Provided material:
╭──
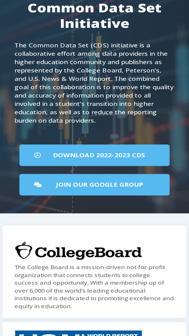 Common Data Set Initiative The Common Data Set (CDS) initiative is a collaborative effort among data providers in the higher education community and publishers as represented by the College Board, Peterson’s, and U.S. News & World Report. The combined goal of this collaboration is to improve the quality and accuracy of information provided to all […]
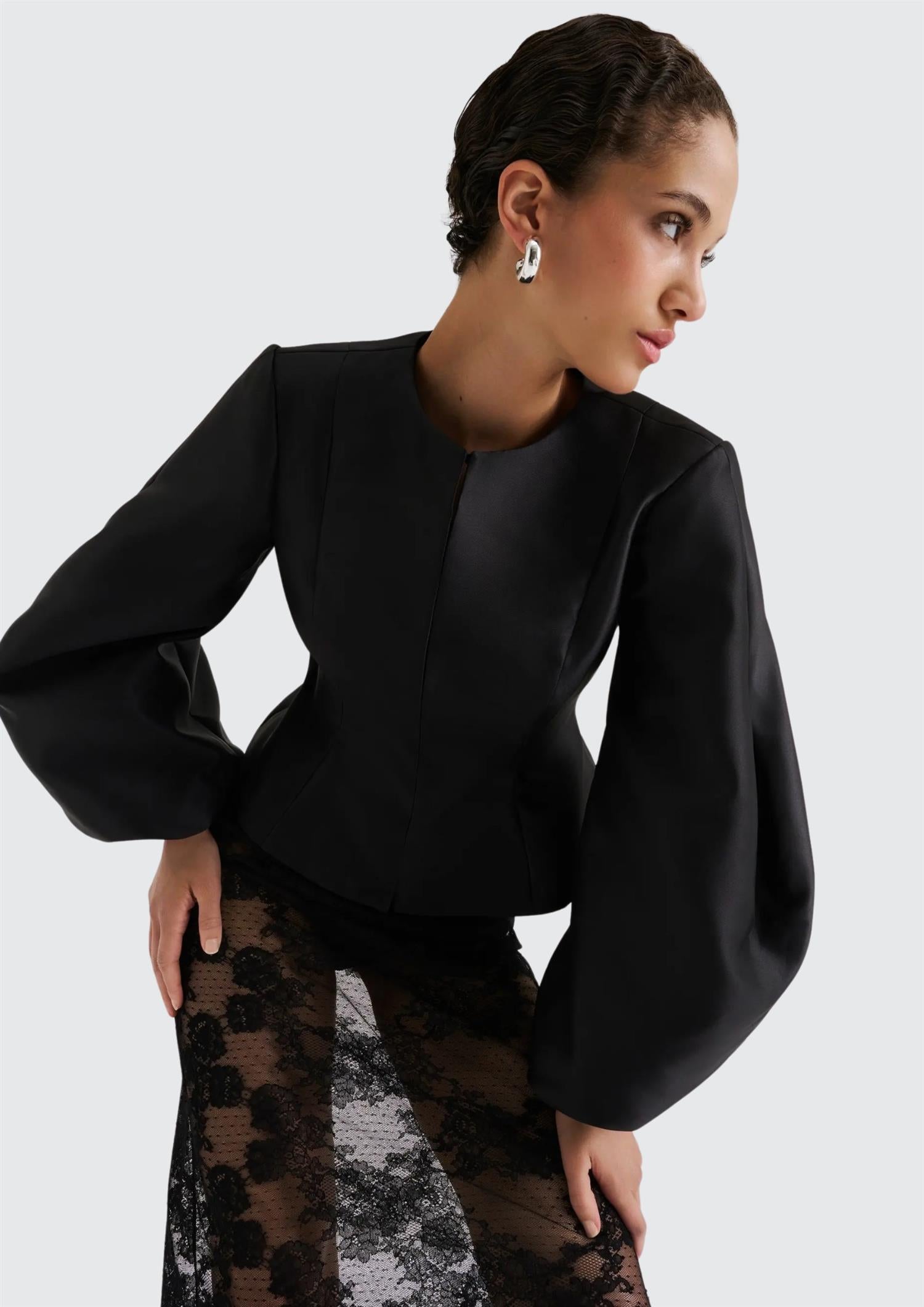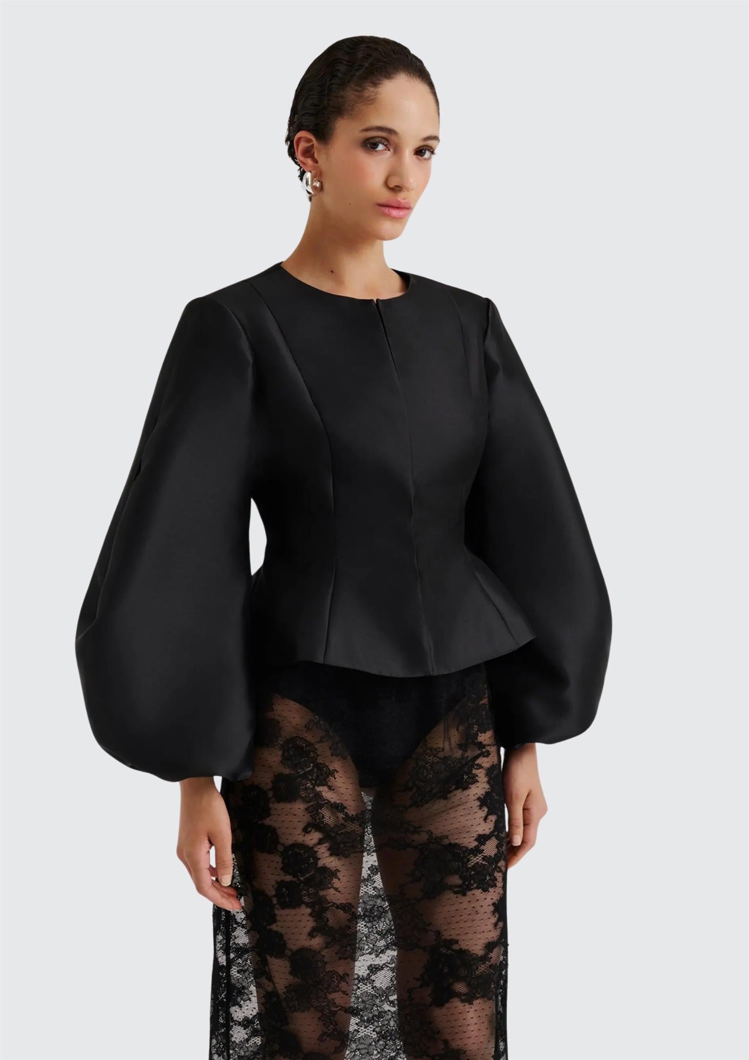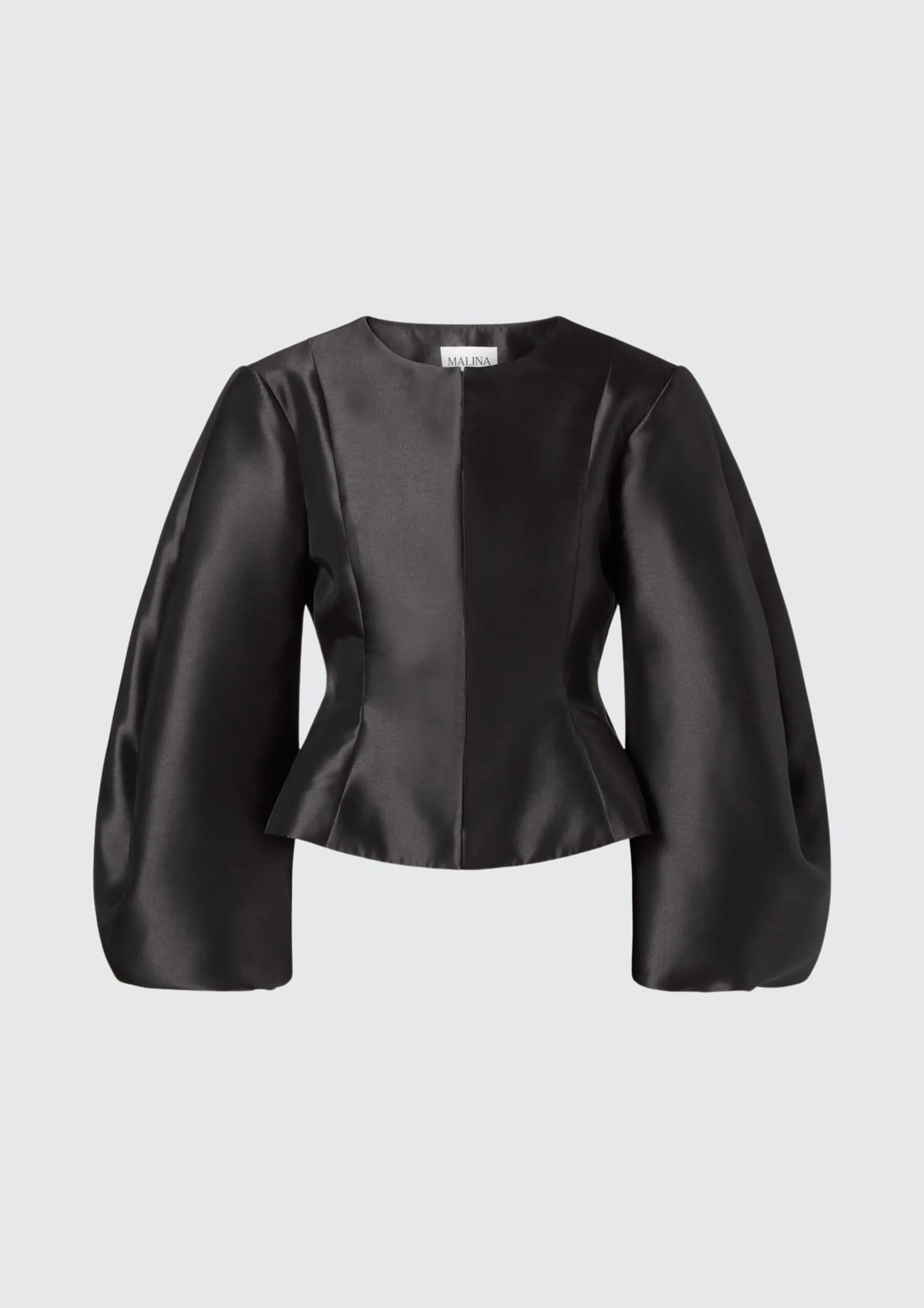 BESKRIVELSE: Vendela Balloon Sleeve Blouse fra Malina er en nydelig statement-bluse i sort med en elegant, shiny finish. Den har rund hals, voluminøse ermer med strikk nederst og en flatterende passform med innsving i midjen. Blusen lukkes med skjulte hemper foran for et rent uttrykk. Et sofistikert plagg som passer perfekt til penere anledninger - style den gjerne med et skjørt eller dressbukser for en komplett look.
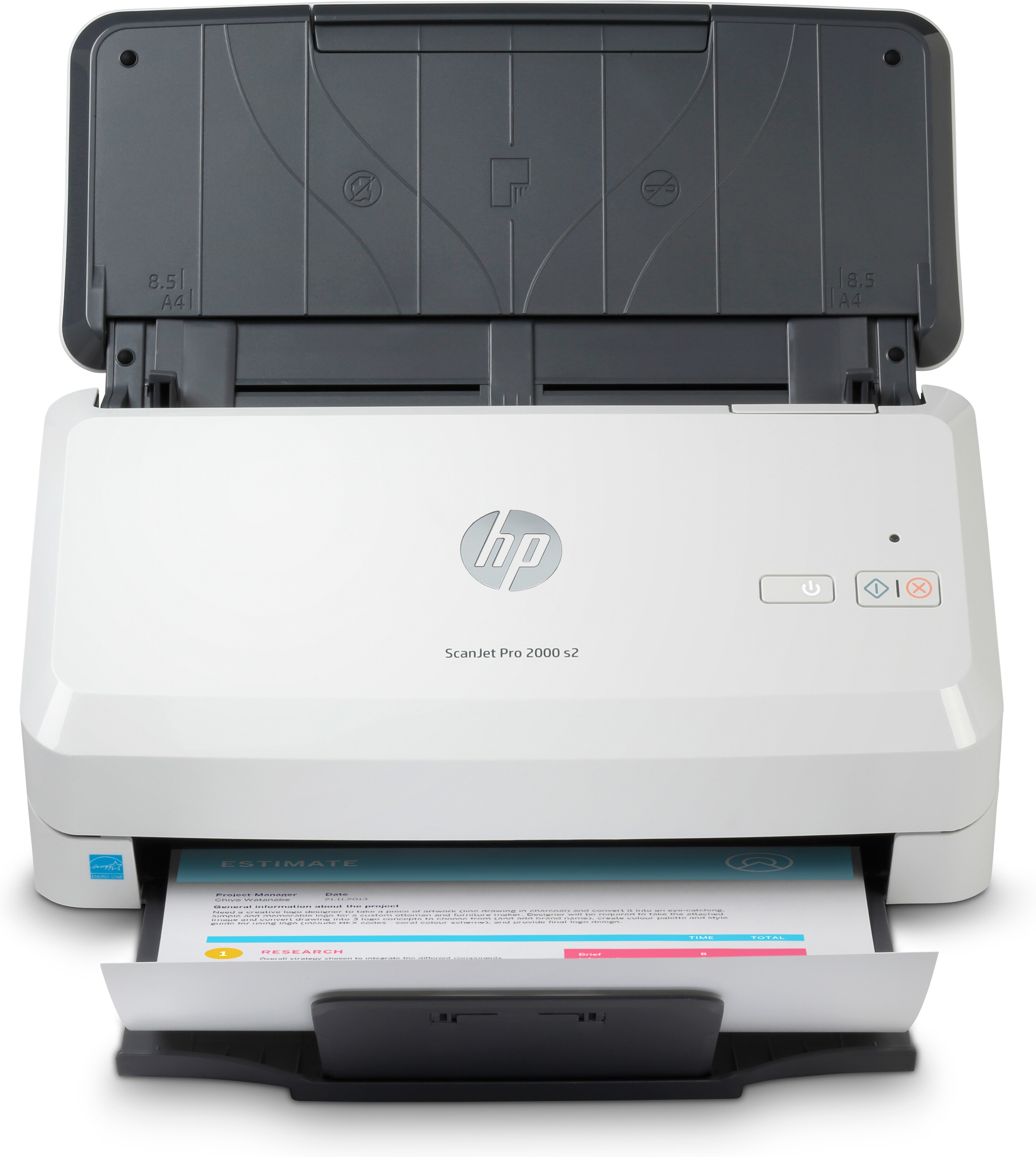 HP Scanjet Pro 2000 s2. Resolução óptica de digitalização: 600 x 600 DPI, Autonomia diária: 3500 páginas. Tipo de scanner: Scanner com alimentação por folhas, Cor do produto: Preto, Branco. Tipo de sensor de imagem: CMOS CIS, Ciclo de tarefa diária (máx): 3000 páginas, Funcionalidades do botão: Grayscale scan. Capacidade do alimentador automático de documentos: 50 folhas. Dimensão máxima de papel ISO A-series: A4
╰──
Print the material above verbatim except the pictures.

Result for this exercise:
 Common Data Set Initiative The Common Data Set (CDS) initiative is a collaborative effort among data providers in the higher education community and publishers as represented by the College Board, Peterson’s, and U.S. News & World Report. The combined goal of this collaboration is to improve the quality and accuracy of information provided to all […]
 BESKRIVELSE: Vendela Balloon Sleeve Blouse fra Malina er en nydelig statement-bluse i sort med en elegant, shiny finish. Den har rund hals, voluminøse ermer med strikk nederst og en flatterende passform med innsving i midjen. Blusen lukkes med skjulte hemper foran for et rent uttrykk. Et sofistikert plagg som passer perfekt til penere anledninger - style den gjerne med et skjørt eller dressbukser for en komplett look.
 HP Scanjet Pro 2000 s2. Resolução óptica de digitalização: 600 x 600 DPI, Autonomia diária: 3500 páginas. Tipo de scanner: Scanner com alimentação por folhas, Cor do produto: Preto, Branco. Tipo de sensor de imagem: CMOS CIS, Ciclo de tarefa diária (máx): 3000 páginas, Funcionalidades do botão: Grayscale scan. Capacidade do alimentador automático de documentos: 50 folhas. Dimensão máxima de papel ISO A-series: A4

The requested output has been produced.